The dialect of Indonesian spoken in this region is considered by linguists as having one of the least complex grammars among the languages of the world (apart from creoles), possessing neither noun declensions, nor temporal distinctions, nor subject/object distinctions, nor singular/plural distinction. For example, the phrase Ayam makan (lit. 'chicken eat') can mean, in context, anything from 'the chicken is eating', to 'I ate some chicken', 'the chicken that is eating' and 'when we were eating chicken'.[5] A possible reason for this is that Riau Indonesian has been used as a lingua franca for communication between different people in this area during its history, and extensive foreign-language use of this kind tends to simplify the grammar of a language used.[6]

Riau Indonesian served as a basis for the modern national language, Indonesian, which however has extensive additional influence from Javanese, Chinese, Arabic, Dutch and English, among others.[citation needed]

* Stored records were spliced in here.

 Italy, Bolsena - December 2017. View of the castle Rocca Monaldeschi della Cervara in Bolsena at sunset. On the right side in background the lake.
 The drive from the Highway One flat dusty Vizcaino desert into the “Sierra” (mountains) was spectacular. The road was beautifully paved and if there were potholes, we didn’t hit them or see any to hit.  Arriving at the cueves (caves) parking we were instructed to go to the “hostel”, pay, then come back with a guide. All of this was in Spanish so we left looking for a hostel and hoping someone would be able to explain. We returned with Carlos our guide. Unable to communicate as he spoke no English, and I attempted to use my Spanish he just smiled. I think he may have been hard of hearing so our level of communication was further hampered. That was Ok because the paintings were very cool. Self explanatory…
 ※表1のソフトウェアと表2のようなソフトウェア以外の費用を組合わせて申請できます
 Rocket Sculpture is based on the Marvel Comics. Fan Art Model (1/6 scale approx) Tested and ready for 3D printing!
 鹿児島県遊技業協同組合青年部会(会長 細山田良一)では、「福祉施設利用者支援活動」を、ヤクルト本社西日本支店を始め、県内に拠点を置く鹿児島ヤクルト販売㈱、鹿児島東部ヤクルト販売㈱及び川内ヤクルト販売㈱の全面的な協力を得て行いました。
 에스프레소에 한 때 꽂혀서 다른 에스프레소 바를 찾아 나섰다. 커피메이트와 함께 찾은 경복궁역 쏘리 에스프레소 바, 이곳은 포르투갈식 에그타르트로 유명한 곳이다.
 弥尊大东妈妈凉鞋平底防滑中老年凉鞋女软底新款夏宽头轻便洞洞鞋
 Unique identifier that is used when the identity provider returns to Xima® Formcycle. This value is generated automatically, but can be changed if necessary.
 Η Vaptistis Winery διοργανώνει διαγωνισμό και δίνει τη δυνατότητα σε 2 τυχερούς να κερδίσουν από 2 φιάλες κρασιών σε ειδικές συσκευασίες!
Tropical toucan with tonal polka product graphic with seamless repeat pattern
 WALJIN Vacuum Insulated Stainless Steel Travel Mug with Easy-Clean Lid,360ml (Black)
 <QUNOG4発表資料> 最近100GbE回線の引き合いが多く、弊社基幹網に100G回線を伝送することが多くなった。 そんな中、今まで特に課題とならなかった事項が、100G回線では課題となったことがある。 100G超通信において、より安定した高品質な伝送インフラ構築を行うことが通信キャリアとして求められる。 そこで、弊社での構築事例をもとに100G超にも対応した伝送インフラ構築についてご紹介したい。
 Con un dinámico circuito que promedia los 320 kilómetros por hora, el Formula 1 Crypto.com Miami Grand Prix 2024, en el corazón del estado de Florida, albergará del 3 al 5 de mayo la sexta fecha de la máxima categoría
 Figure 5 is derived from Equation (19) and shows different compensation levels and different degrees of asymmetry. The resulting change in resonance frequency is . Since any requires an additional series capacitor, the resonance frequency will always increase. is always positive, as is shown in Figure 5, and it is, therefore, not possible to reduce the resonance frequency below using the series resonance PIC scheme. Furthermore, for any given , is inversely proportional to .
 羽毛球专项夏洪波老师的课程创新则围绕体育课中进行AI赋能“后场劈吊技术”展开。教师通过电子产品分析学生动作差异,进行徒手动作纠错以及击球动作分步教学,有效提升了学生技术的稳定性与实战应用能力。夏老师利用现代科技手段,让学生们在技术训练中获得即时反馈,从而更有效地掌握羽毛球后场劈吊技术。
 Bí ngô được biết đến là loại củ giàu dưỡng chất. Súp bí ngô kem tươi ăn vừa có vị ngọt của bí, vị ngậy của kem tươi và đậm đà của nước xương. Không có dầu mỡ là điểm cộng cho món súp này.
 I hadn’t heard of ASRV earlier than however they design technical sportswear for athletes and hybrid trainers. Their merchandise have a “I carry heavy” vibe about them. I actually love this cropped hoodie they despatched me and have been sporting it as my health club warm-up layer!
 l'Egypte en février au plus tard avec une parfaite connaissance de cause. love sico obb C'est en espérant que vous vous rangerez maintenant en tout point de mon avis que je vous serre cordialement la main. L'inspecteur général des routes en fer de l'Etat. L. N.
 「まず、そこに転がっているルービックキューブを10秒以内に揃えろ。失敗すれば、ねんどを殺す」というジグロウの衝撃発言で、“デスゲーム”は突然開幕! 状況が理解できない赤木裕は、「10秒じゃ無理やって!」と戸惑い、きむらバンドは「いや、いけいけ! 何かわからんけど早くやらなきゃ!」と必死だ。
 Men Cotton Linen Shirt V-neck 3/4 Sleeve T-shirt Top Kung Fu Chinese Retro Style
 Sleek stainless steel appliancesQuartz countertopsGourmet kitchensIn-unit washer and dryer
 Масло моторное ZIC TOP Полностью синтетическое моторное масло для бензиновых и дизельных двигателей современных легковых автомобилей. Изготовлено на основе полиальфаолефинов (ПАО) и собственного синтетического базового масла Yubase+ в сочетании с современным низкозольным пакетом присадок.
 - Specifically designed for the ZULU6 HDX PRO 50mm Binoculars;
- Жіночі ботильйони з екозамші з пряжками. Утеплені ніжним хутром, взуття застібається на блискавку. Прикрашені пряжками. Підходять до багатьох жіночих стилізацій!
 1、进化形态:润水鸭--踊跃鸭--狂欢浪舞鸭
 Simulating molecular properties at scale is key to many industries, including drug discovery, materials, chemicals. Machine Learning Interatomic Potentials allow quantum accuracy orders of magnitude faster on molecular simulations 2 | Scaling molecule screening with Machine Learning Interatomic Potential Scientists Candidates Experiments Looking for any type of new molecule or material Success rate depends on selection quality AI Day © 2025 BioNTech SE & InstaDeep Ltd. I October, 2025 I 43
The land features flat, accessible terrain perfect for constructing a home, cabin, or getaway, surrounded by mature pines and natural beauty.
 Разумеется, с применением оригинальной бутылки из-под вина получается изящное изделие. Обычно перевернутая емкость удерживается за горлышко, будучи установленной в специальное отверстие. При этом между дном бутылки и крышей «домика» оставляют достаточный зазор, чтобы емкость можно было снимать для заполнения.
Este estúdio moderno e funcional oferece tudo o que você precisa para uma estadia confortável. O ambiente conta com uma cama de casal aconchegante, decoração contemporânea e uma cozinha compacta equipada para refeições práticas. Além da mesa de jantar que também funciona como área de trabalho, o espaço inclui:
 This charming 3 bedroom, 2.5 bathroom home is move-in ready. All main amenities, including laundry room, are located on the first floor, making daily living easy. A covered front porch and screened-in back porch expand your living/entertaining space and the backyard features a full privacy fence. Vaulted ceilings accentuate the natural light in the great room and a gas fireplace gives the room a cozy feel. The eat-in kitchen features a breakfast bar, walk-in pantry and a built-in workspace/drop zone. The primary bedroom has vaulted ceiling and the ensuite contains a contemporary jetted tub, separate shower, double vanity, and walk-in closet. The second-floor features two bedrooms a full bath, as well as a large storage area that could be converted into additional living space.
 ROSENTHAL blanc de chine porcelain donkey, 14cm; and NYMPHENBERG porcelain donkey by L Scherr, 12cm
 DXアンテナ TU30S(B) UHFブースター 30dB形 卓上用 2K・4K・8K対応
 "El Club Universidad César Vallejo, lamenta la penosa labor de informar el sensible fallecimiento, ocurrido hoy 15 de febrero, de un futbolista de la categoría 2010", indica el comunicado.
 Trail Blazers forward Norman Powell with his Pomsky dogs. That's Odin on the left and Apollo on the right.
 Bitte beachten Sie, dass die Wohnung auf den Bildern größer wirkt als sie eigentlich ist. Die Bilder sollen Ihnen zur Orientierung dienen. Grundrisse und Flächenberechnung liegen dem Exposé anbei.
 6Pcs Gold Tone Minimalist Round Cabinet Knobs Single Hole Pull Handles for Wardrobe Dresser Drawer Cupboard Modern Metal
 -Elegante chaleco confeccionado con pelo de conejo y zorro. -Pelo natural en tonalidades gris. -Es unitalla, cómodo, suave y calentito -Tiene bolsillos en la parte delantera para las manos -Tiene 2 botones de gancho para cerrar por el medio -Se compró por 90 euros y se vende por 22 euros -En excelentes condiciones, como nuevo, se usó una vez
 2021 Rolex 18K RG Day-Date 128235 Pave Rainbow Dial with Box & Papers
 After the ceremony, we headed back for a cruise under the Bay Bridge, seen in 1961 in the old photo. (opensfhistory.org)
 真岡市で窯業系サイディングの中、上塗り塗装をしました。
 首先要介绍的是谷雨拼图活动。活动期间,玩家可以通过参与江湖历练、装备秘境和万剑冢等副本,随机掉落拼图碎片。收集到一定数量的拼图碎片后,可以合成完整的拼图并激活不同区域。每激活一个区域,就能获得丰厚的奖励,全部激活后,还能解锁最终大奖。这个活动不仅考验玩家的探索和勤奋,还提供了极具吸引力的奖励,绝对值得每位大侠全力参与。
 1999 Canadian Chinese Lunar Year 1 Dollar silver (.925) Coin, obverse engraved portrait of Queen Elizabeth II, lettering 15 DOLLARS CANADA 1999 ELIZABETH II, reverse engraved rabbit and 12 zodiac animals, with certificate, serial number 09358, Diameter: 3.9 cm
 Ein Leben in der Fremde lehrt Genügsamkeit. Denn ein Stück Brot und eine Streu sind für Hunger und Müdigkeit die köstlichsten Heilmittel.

[edit] Cities and Regencies

Riau in Sumatra. Lithography to an original watercolor by J.C. Rappard. ca. 1883-1889.

[edit] Economy

The economy of Riau expanded faster (8.66% in 2006) than the Indonesian average (6.04% in 2006). Largely a resource-based economy, including crude oil (600,000 bpd), palm oil and other forest products. Local government income benefits from a greater share of revenue of tax (mainly crude oil) due to the decentralization law in 2004.[7]

[edit] Ecology

Deforestation of peat swamp forest for oil palm plantation in Indragiri Hulu

The province was once heavily forested lowlands, but with palm oil plantations and logging being major industries it is losing around 2,000 square km of forest per year. In 2005 the forest cover was down to 33% (or 27.000 square km) from 78% (or 64.000 square km) in 1982.[8]

Riau regularly suffers, from smoke and haze due to land-clearing fires for oil palm plantations during the two dry seasons a year that occur (late Jan - early March and again June - September). The fires occur because small - medium size business, community cooperation units (KUD's), and individual community members "slash and burn" the forest vegetation and replace it with oil palm and/or rubber plantations. Fire is still viewed by the people and government officials as a useful and inexpensive tool for clearing land for oil palm (which is everyone's desire to own at least 2 hectares for financial security), despite the environmental impacts on forest destruction, air quality, green-house gas emissions and effects of smoke/haze on the health of children, elderly, and general population.

Being a province with a predominantly low relief, the coastal regions are rapidly losing land to the ocean.